When do they StOP?: A First Step Towards Automatically Identifying Team Communication in the Operating Room
Keqi Chen, Lilien Schewski, Vinkle Srivastav, Joël Lavanchy, Didier Mutter, Guido Beldi, Sandra Keller*, Nicolas Padoy*, IPCAI 2025
*Co-last authors
- Purpose: Surgical performance depends not only on surgeons' technical skills but also on team communication within and across the different professional groups present during the operation. Therefore, automatically identifying team communication in the OR is crucial for patient safety and advances in the development of computer-assisted surgical workflow analysis and intra-operative support systems. To take the first step, we propose a new task of detecting communication briefings involving all OR team members, i.e. the team Time-out and the StOP?-protocol, by localizing their start and end times in video recordings of surgical operations.
- Methods: We generate an OR dataset of real surgeries, called Team-OR, with more than one hundred hours of surgical videos captured by the multi-view camera system in the OR. The dataset contains temporal annotations of 33 Time-out and 22 StOP?-protocol activities in total. We then propose a novel group activity detection approach, where we encode both scene context and action features, and use an efficient neural network model to output the results.

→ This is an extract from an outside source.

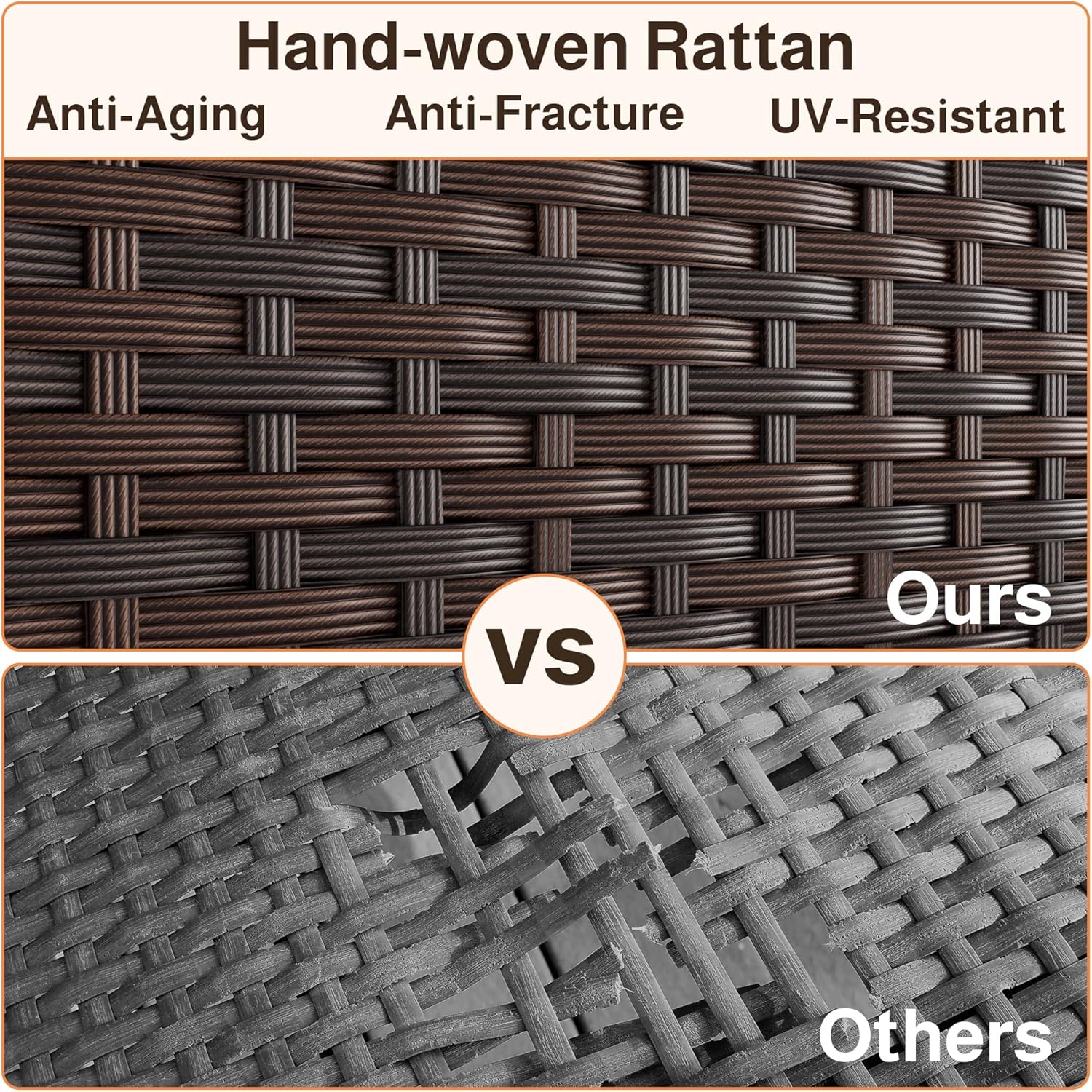 - Durable & Weather-Resistant Materials: This patio furniture set features woven PE rattan and a sturdy steel frame for enhanced durability. It resists cracking, fading, and rust, making it suitable for various outdoor environments. The glass tabletop is easy to clean, and seat clips help keep the outdoor chairs securely in place.

- Results: The experimental results on the Team-OR dataset show that our approach outperforms existing state-of-the-art temporal action detection approaches. It also demonstrates the lack of research on group activities in the OR, proving the significance of our dataset.

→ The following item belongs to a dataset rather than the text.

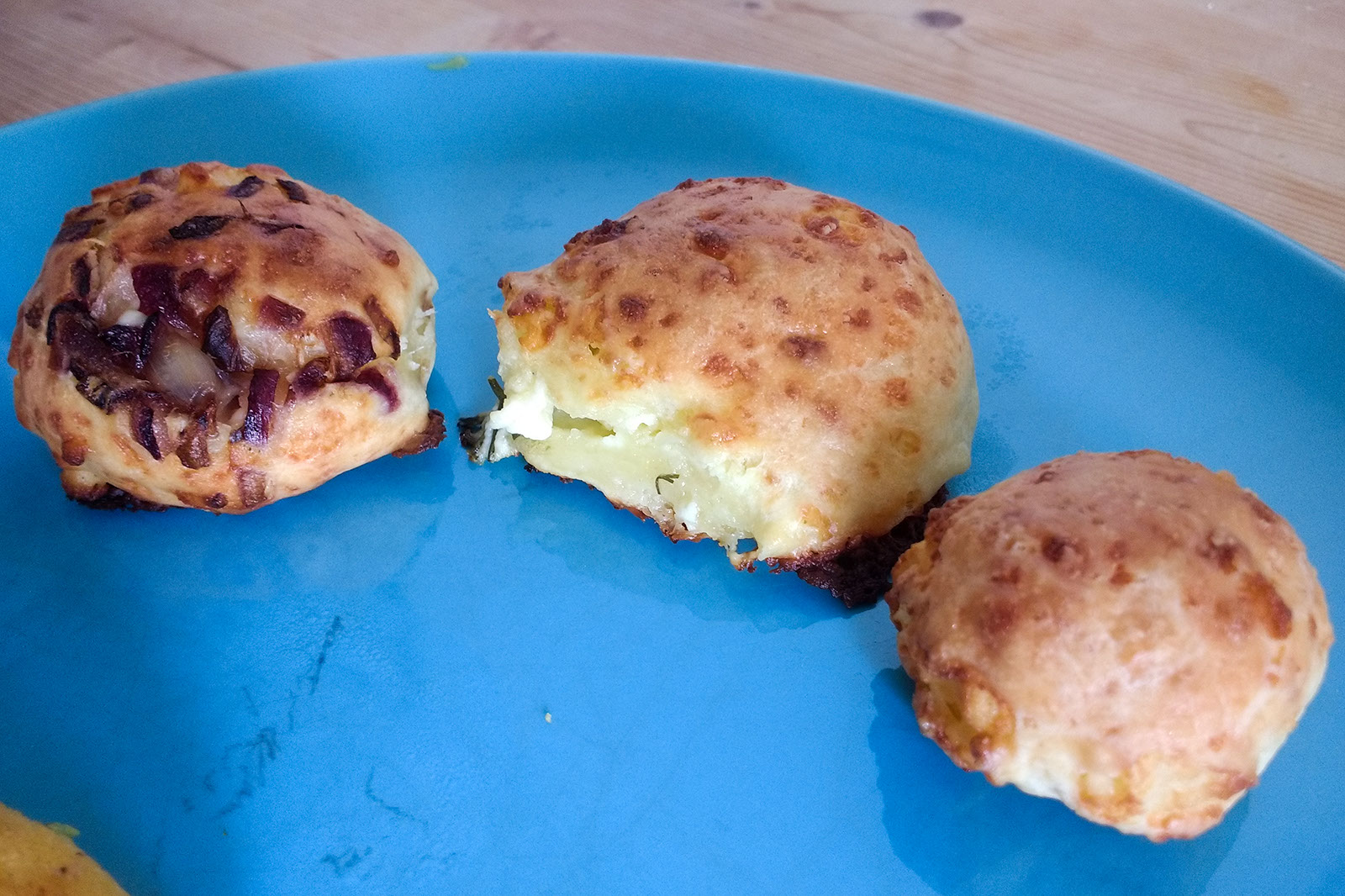 Die Cunape vor dem Backen – mit Zwiebeln, mit Frischkäse-Schnittlauch und Pur

- Conclusion: We investigate the Team Time-Out and the StOP?-protocol in the OR, by presenting the first OR dataset with temporal annotations of group activities protocols, and introducing a novel group activity detection approach that outperforms existing approaches.
- Training and testing code for the group activity detection approach in the OR.
-
Please ensure that you have installed PyTorch and CUDA. (This code requires PyTorch version >= 1.11. We use version=1.13.1 in our experiments)
-
Install the required packages by running the following command:
pip install -r requirements.txt
- Install NMS
cd ./libs/utils
python setup.py install --user
cd ../..
- Done! We are ready to get start!
We are currently unable to make Team-OR publicly available due to strict privacy and ethical concerns. If you want to train on your own data, you can conduct the following steps:
- Feature extraction. We utilize VideoMAEv2, mmpose and mmaction2 for feature extraction.

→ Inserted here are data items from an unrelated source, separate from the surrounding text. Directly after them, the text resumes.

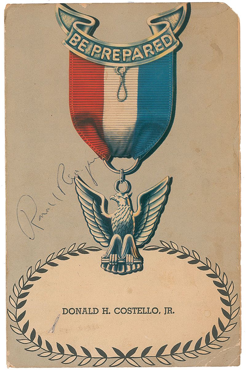 Program for an Eagle Scout award ceremony held in Chula Vista, California, circa late 1960s, 5.5 x 8.5, two pages, signed on the front in blue ballpoint by Reagan, who presented the award. In very good condition, with scattered creases and soiling.
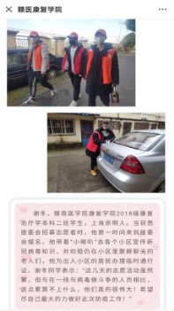 “3”,即做到三个引领:辅导员通过微信公众号、微信群、QQ群等途径教育引导学生网络舆情,不信谣、不传谣、不造谣,通过疫情防控政策和《致康复学院全体学生及家长的一封信》的推送等,传播正能量,强化思想引领;充分发挥学生党支部堡垒作用,向全体学生党员发起《康复学院学生党员疫情防控倡议书》,召开网络主题党日活动,号召全体学生党员关键时刻做表率,当好学生先锋引领;充分挖掘学生及学生直系亲属的先进人物事迹,通过微信公众平台进行宣传,树立榜样,加强榜样引领。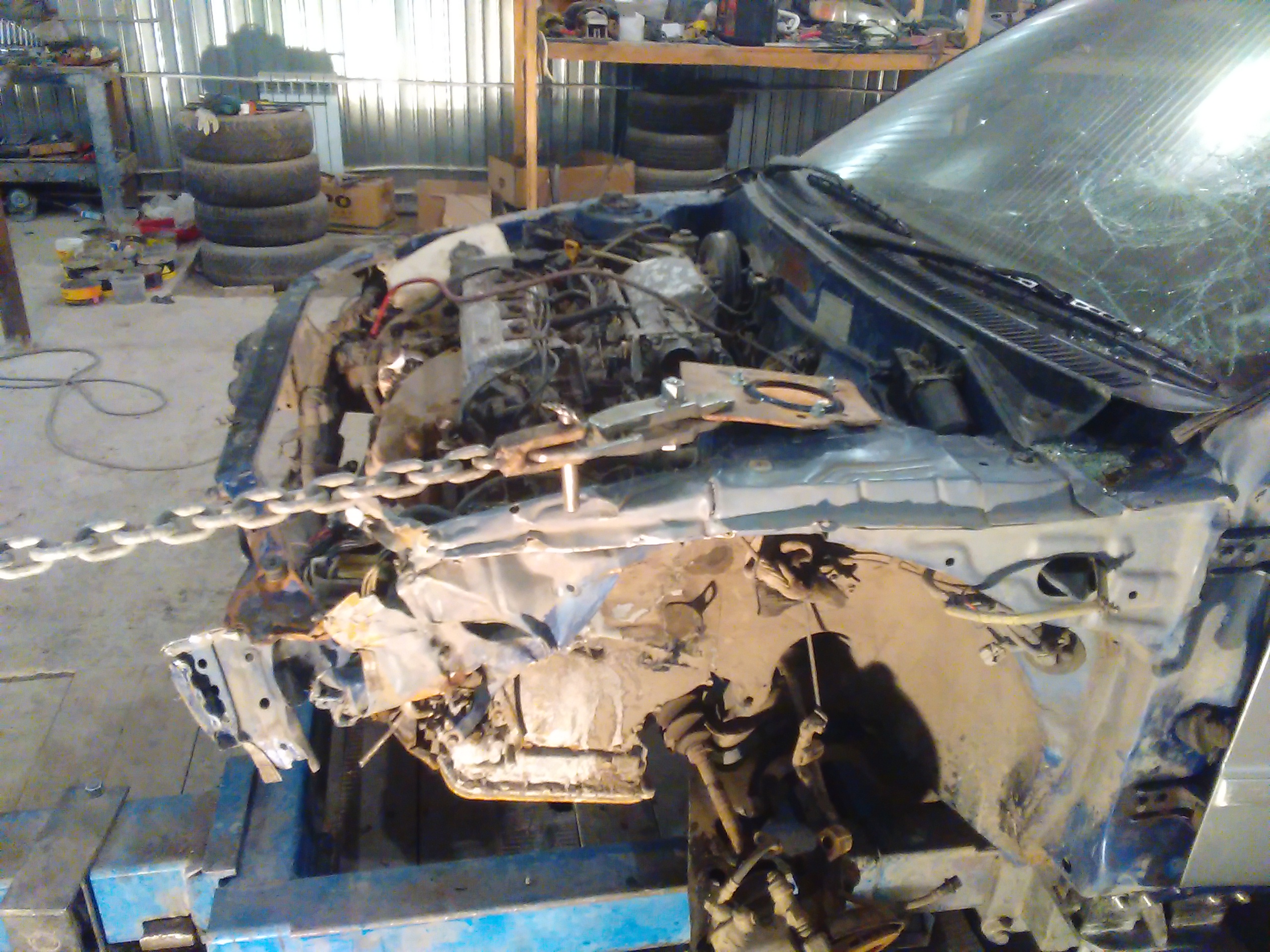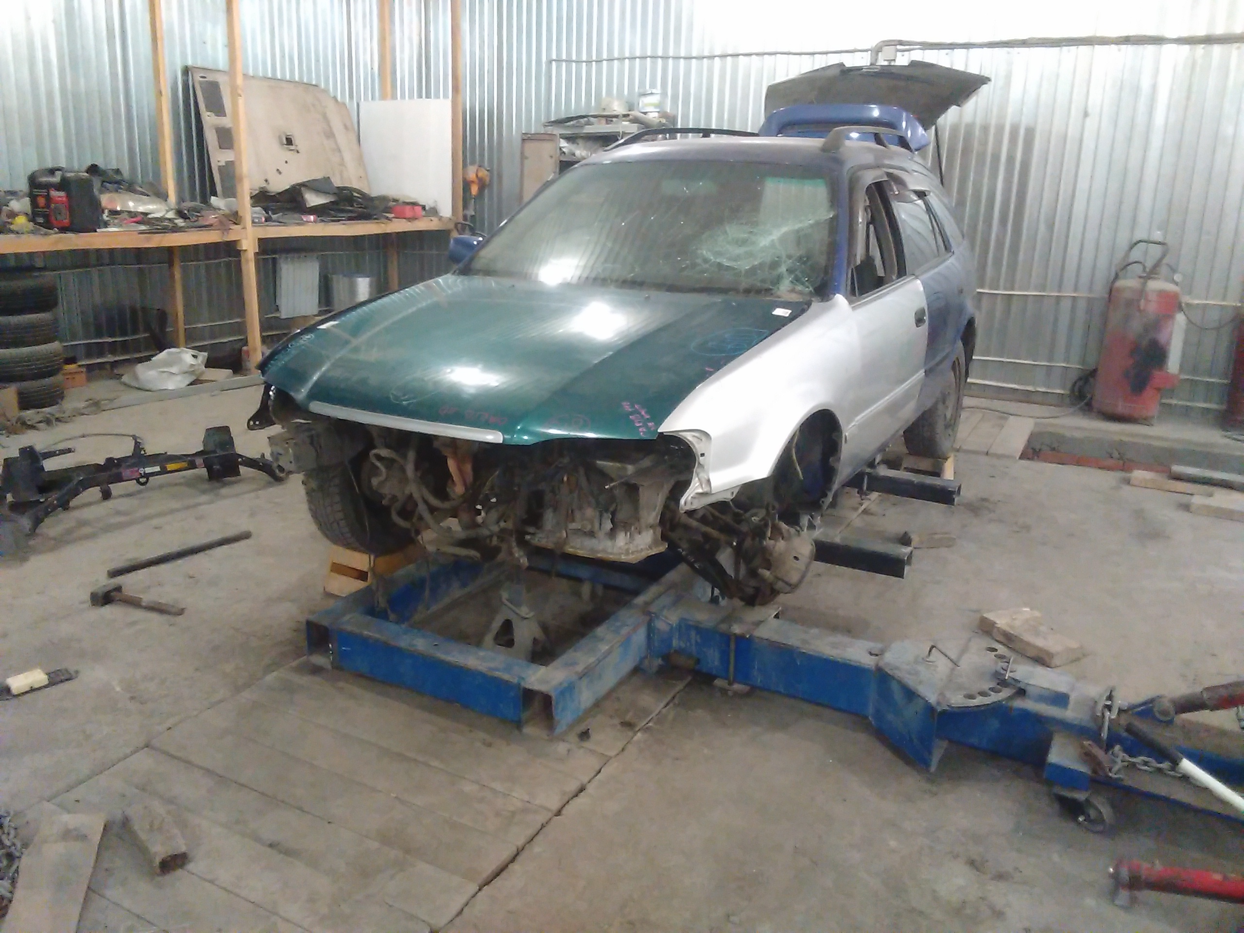 Тойота Кариб. Восстановление геометрии кузова, замена ноуската, лонжерона,устранение косяков от других ремонтов.Без покраски.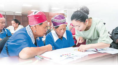 In a wooden stilt house in Luomian village, southwest China's Guizhou Province, Miao embroidery designer Jiao Hongxiu, dressed in modernized Miao costumes, was instructing an embroiderer to add silver ornament elements to a geometric pattern to create something both traditional and fashionable.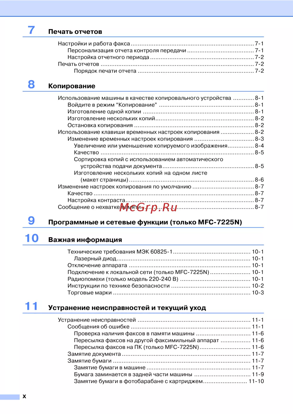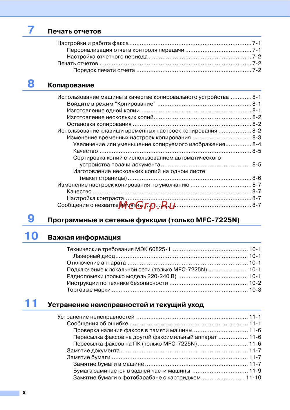 - Программные и сетевые функции только mfc 7225n p.12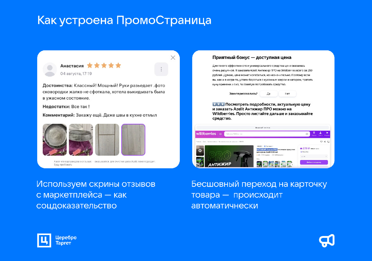 Обязательно используем качественные фотографии в процессе использования средства. Вставляем скрины из карточки товара — с отзывами, свойствами товара. Все это работает как социальное доказательство — не только автор статьи доволен, но и множество других людей.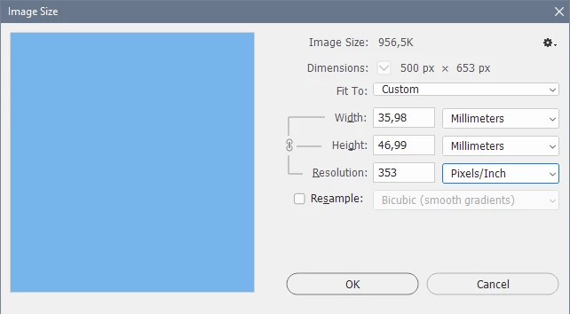 I have tried to print a 36x47mm 500x653px 353dpi photo with crop marks on a 5x7 size paper.

- Write your own dataset class under
./libs/datasets/
and import it in./libs/datasets/__init__.py
. - Write the config file under
./configs/
.
python train.py ./configs/team_or.yaml --output pretrained
python eval.py ./configs/team_or.yaml ckpt/team_or_pretrained/epoch_059.pth.tar
The project uses TriDet and TemporalMaxer. We thank the authors for releasing their codes. If you use TriDet or TemporalMaxer, consider citing it using the following BibTeX entry.
@inproceedings{TriDet,
title = {Tridet: Temporal action detection with relative boundary modeling},
author = {Shi, Dingfeng and Zhong, Yujie and Cao, Qiong and Ma, Lin and Li, Jia and Tao, Dacheng},
booktitle = {Proceedings of the IEEE/CVF Conference on Computer Vision and Pattern Recognition},
pages = {18857--18866},
year = {2023}
}
@article{TemporalMaxer,
title = {Temporalmaxer: Maximize temporal context with only max pooling for temporal action localization},
author = {Tang, Tuan N and Kim, Kwonyoung and Sohn, Kwanghoon},
journal = {arXiv preprint arXiv:2303.09055},
year = {2023}
}
The project also leverages following research works. We thank the authors for releasing their codes.
This code is available for non-commercial scientific research purposes as defined in the CC BY-NC-SA 4.0. By downloading and using this code you agree to the terms in the LICENSE. Third-party codes are subject to their respective licenses.